On 12/03/2011 11:02 AM, 岩本海童 wrote:
Hi,
I tried to change my default language. (SL 6.1)
[userA@localhost]$ echo $LANG
ja_JP.UTF-8
[userA@localhost]$ su -
[root@localhost]# vim /etc/sysconfig/i18n
#LANG="ja_JP.UTF-8"
LANG="en_US.utf8"
[root@localhost]# reboot
After the reboot, I logged in as a general user. But language setting
is not changed.
[userA@localhost]$ echo $LANG
ja_JP.UTF-8
If I switch to another user, language setting become changed.

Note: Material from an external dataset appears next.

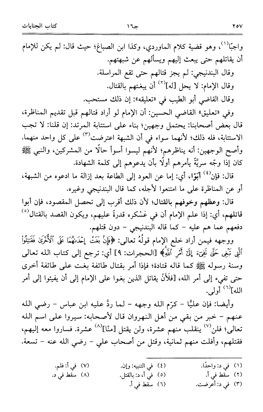 وفي "تعليق" القاضي الحسين: أن افمام لو أراد قتالهم قبل تقديم المناظرة، قال بعض أصحابنا: يحتمل وجهين؛ بناء على استتابة المرتد: إن قلنا: لا تجب الاستتابة، فله ذلك؛ لأنهما سواء في أن الشبهة اعترضت على كل واحد منهما. وأصح الوجهين: أنه يناظرهم؛ لأنهم ليسوا أسوأ حالاً من المشركين، والنبي صلى الله عليه وسلم كان إذا وجه سريَّةً يأمرهم أولاً بأن يدعوهم إلى كلمة الشهادة.
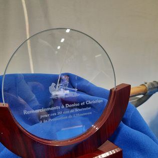 Bernard va rejoindre sa Corrèze natale, nous remecions notre ami, ancien président et toujours adhérent pour son implication à la Promo et lui offrons un moulinet pour les parties de pêche d’eau douce ! Et le maire Jean-Luc Algay remet à notre couple le plus ancien de l’association, présent depuis la création, la médaille de la ville en remerciement de leur implication dans la vie associative. Bravo et merci à vous deux, vous êtes de beaux exemples de bénévolat !

[userA@localhost]$ su - userB
[userB@localhost]$ echo $LANG
en_US.utf8
Why such a problem happened ?
Please show me how solve the problem.
(I'm sorry for my poor English.)
A private user's language settings and the system-wide language settings
can be different.
If you have logged in using GDM (graphical desktop to Gnome, XFCE, KDE,
etc) with a Japanese language setting then you probably have a file
called ~/.config/user-dirs.locale with the contents "ja_JP" and maybe
other things referenced by $saved_lang in /etc/profile.d/lang.sh.
This can pass the terminal a LANG variable that is different from the
system-wide setting automatically when you log in or "su -" to the user.
To run a single command in a specific language but leave the language
setting unchanged you can do this:
env LANG=en_US.utf8 [command you want to run]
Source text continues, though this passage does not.